Unsevered family and domestic ties are also the subject of derision in his early poetry:
 
Sketch 48b. 11
At the age of 27
Its home mail is still opened by its maternal parent
And its office mail may be opened by its parent of the opposite gender.
It is an officer,
        and a gentleman,
                and an architect.
 
 
 
But when Pound's not posturing, or being the satirist, his feelings about leaving his homeland are actually full of  deep, if displaced, sentiment. Compare The Exile's Letter, and the Four Poems of Departure from _Cathay_:
 
    Now the high clouds cover the sun
    And I can not see Choan afar
    And I am sad.
 
Many years later,  during WWII, in one of the broadcasts, Pound starts to reminisce about his father and his job at the mint, and his mother and her Quaker family, who considered themselves superior to his father's family, and about his uncle, and the black woman who was their cook, better than any French chef, and the black man who helped out around the house, but was often to be found playing checkers on the cracker barrel ...  I don't have the text here at hand to quote from, but its a rather poignant passage in which Pound seems to be almost talking to himself, his radio audience overhearing him, and he's wondering what it is in "my psychology," he says, that caused these memories of his family to come to him.
 
Those points define a periphery. 
 
Pound the public man, the poet-pampheleteer whose subject is the destructive power international money exerts over nations, may seem to have lost sight of his "geneological base", as you put it, and may seem, for all the rapid shifting of time and place that occurs in the Cantos, to be "rootless".  But Pound's constant return to the simple tangible things to be found in the marketplace  -- food, leather goods, cattle, sheep, tongs, wagon wheels-- and his frequent excerpting of the simple, understandable, homely, non-specialist language of ancient statutes governing domestic commerce and trade, are sure indications that the concerns of "the average citizen" are never far from his mind. Pound began his career aiming for the elitist immortality of the bard. But as his vision matured, he came to want to leave behind a work that might do something to preserve the American consitution and to make American democracy immortal... a "paradiso terrestre".  
 
Tim Romano
----- Original Message ----- 
  From: bob scheetz 
  To: [log in to unmask] 
  Sent: Saturday, February 26, 2000 10:05 PM
  Subject: Re: tim romano & exile
 
 
  tim romano writes:
  >...forced exile is a grievous separation from friend and kin, and loss of identity.
   
  tim,
      yeh,...egregiously absent in ep,  homesickness
  ...signifying? home & kin bore no meaning for him ?
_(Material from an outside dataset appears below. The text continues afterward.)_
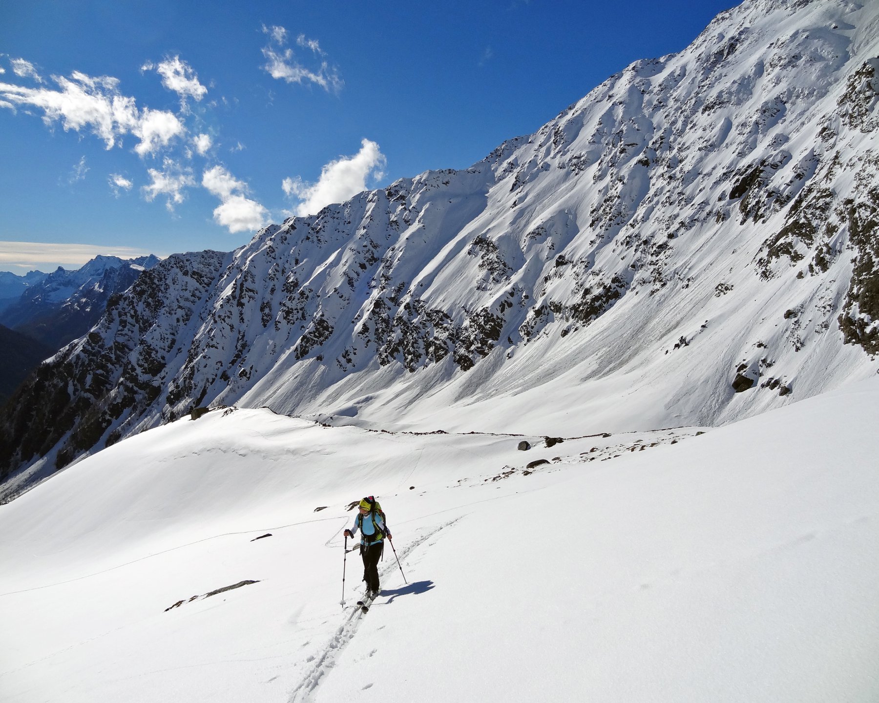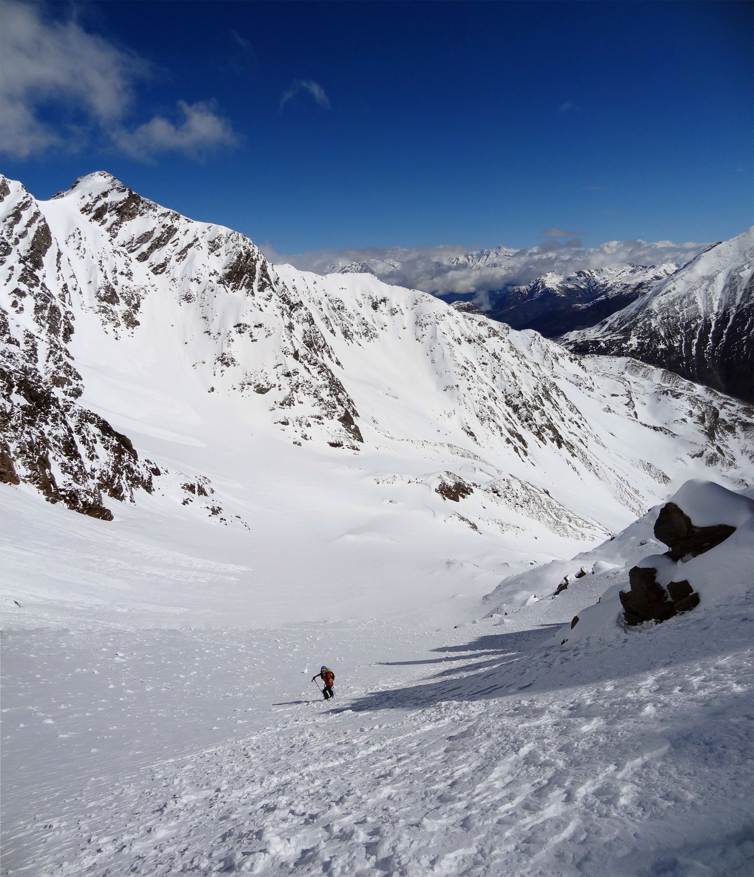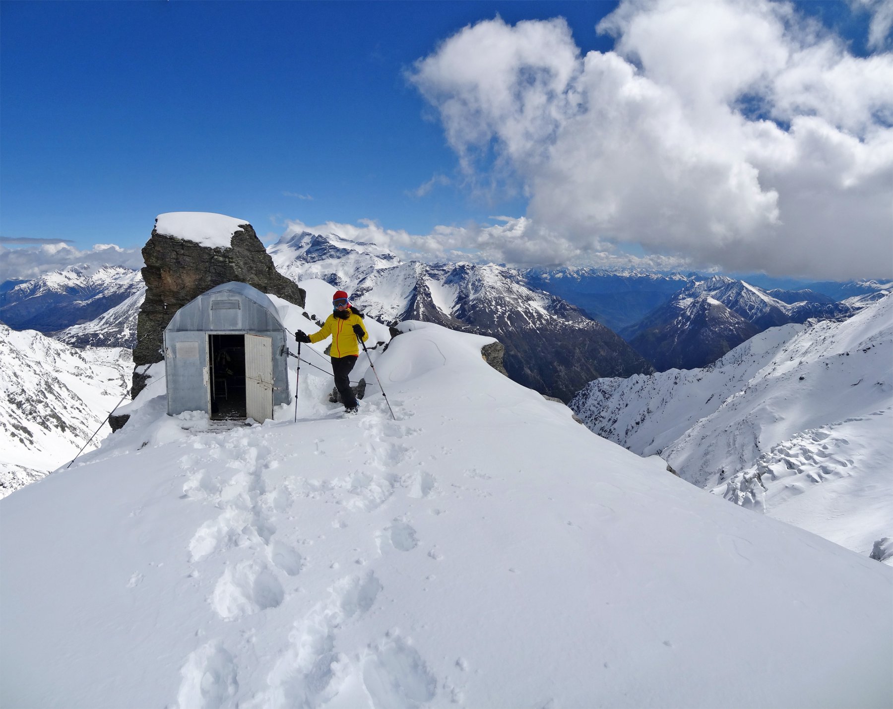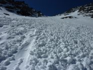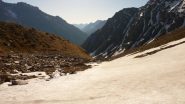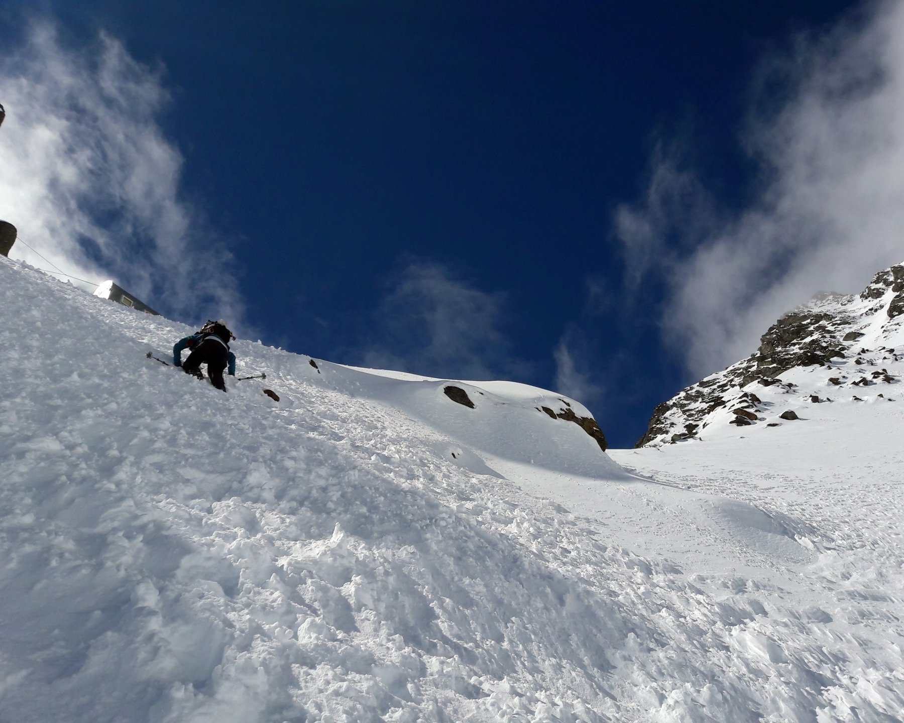 Si risale poi l’ampia morena (Griesserna) che dava sbocco all’impressionante ghiacciaio (ora in ritirata )che scende dalla Nord del Fletschorn e si rimonta il ghiacciaio che si fa via via piu’ ripido e , tenedosi sulla sinistra si esce dalla sella a quota 3015 dove e’ situato il bivacco

  ...signifying no geneological base,
  prinicple of structure or coherence.
  wouldn't that make for a rootless, shallow poetry;
  as it would, a person?  
  ...a kinda "california poetry", 
  ie, quintessentially "american" (in the sardonic sense),
  all novelty and technique?
  and indeed, doesn't his "adams cantos" america seem 
  got from books? stilted?...even more than his cathay?
 
  but, supreme irony, (as adorno pt'd out) odysseus
  is the archetypal bourgeois.  hero-ideal of a 
  gk merchant society aborning.  
  in contrast to achilles' noble absolutes, magnanimity,
  odysseus is all cunning and trickery
  ...instrumental reason
  ...very much  "the donald" or  "bill gates" or "the jew".
 
  so...while joyce uses the archetype to great effect, 
  it seems to me ep's odysseus is ultimately incoherent.
 
  whadaya think?
 
  bob
 
 
 
    -----Original Message-----
    From: Tim Romano <[log in to unmask]>
    To: [log in to unmask] <[log in to unmask]>
    Date: Thursday, February 24, 2000 9:47 PM
    Subject: Re: tim romano & exile
 
 
    Bob,
    You're right to say that Pound's "more the adventurer", at least as a young man. He paganizes, if you will, the exile theme in his translation of The Seafarer, turning it into a rejection of the comforts and security of the "burghers" while extolling with much bravado the open sea-road. But in OE elegies, that's not at all how the exile theme is portrayed: forced exile is a grievous separation from friend and kin, and loss of identity. There, the theme of exile usually ends in a renunciation of "this life". As an old man, Pound's comes close to this kind of renunciation.